Do I make the pipe bigger, or buy more pipes?
Scale up vs scale out is a pretty standard conundrum nowadays – particularly with the advent of distributed compute models such as Hadoop. A few years ago, the standard approach in the Business Intelligence & data management world was simply to throw more hardware at it.
I’ve worked in places where servers have half a terabye of RAM and more cores than I can count… and looking back, I wonder whether this needs to be the case.
Now – just to be clear, this isn’t a rant about why Hadoop is a going to fix all your woes. In case you hadn’t realised yet – it won’t.
However, the revelation that vast data processing can be run on commodity hardware should be big red flashing light for those of us who have thrown hardware at problems in the past.
We are regularly called into businesses where the batch processing jobs fill the existing ‘pipe’ up to such an extend that jobs over run, hang, or even worse for the poor people who need to do something with the data being published, fail.
I think the core of the problem is that we have all been indoctrinated into thinking that a robust ETL process will fix everything. The issue is – a SINGLE ETL process probably won’t. We’ve convinced ourselves that a single pipe, and therefore a single ETL process, will do what is required, and will scale.
Unfortunately, single-stream processes don’t scale – or at least, not cheaply. It also means you have a pretty clear single-point-of-failure. Which isn’t great.
The trick, as often is the case with technology, is to think about things a little differently.
If you can view your solution as not just one single huge process, but in fact thousands of tiny processes, then you can do something quite interesting – run enterprise BI on commodity hardware.
Don’t get me wrong – sometimes, you’ll need a 256 GB RAM server with more compute power than Amazon. However, this could well be for a few minutes a day. What do you do with this server when it’s bored?
Wouldn’t it be nice if you could spin up just enough compute power to get you by on demand, and then spin it down when you no longer need it? What if, rather than a single mid-sized pipe, you have 40 pipes which expand and contract depending on the work you need them to do?

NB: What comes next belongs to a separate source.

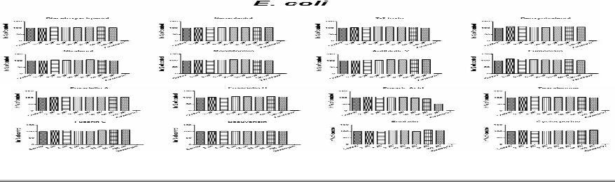 圖2、從oCelloScope微生物動態監測系統顯示示出的細胞形態所獲得的圖像。大腸桿菌DA14781用厄他培南(A)DA14781,大腸桿菌DA19482和環丙沙星(B)和多粘菌素E(C),和銅綠假單胞菌ATCC 27853與粘菌素(D)和美羅培南(E)在0、2、4和24小時。
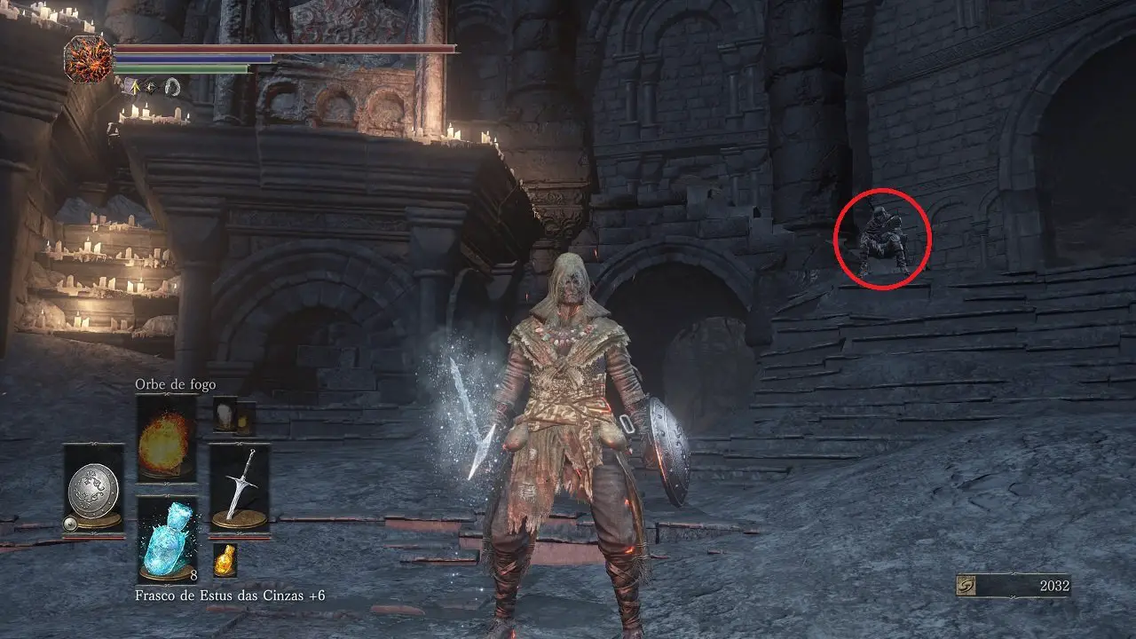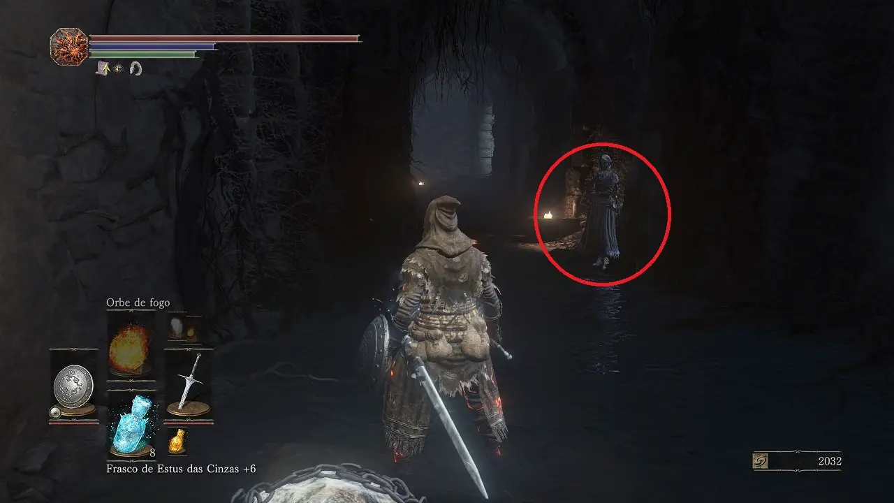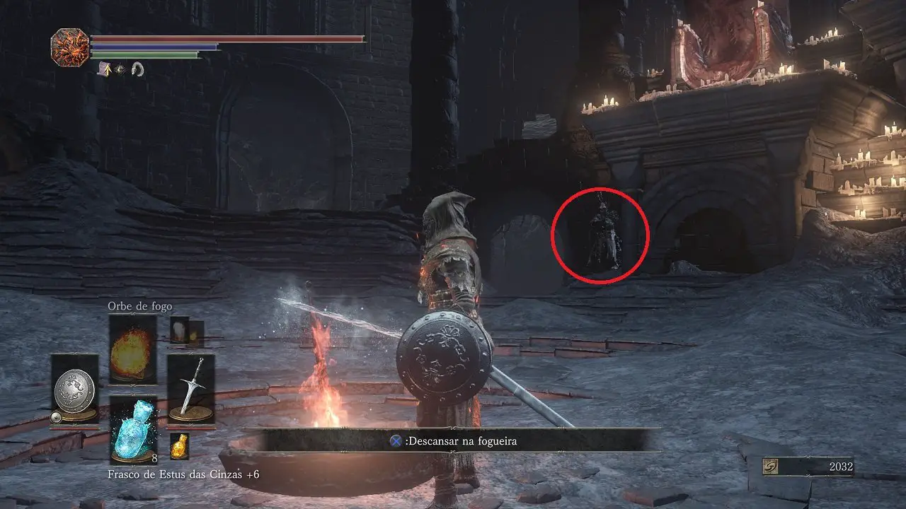 Partindo exatamente de onde terminamos o capítulo anterior, siga pelas Catacumbas de Carthus para encontrar Anri de Astora no mesmo local de antes, à direita do início da ponte que dá acesso ao Lago Fumegante. Converse novamente e quando for questionado, selecione Falar sobre a Lagoa Ardente, revelando os acontecimentos com Horace. Por isso, você receberá o Anel de olho maligno.

I know many people don’t have the luxury of using elastic compute on . However, many people have a virtualised environment where they could maintain a set of different VMs for specific purposes…. or, even better, run on a docker (https://www.docker.com/) environment.
As with all our solutions – we realise that code is less than half the challenge. Elegant orchestration, simplicity of design and a willingness to use metadata for more than just documentation result in a genuinely great solution.
I’d strongly recommending buying some more cheap pipes before you go and blow your annual budget on a new huge one…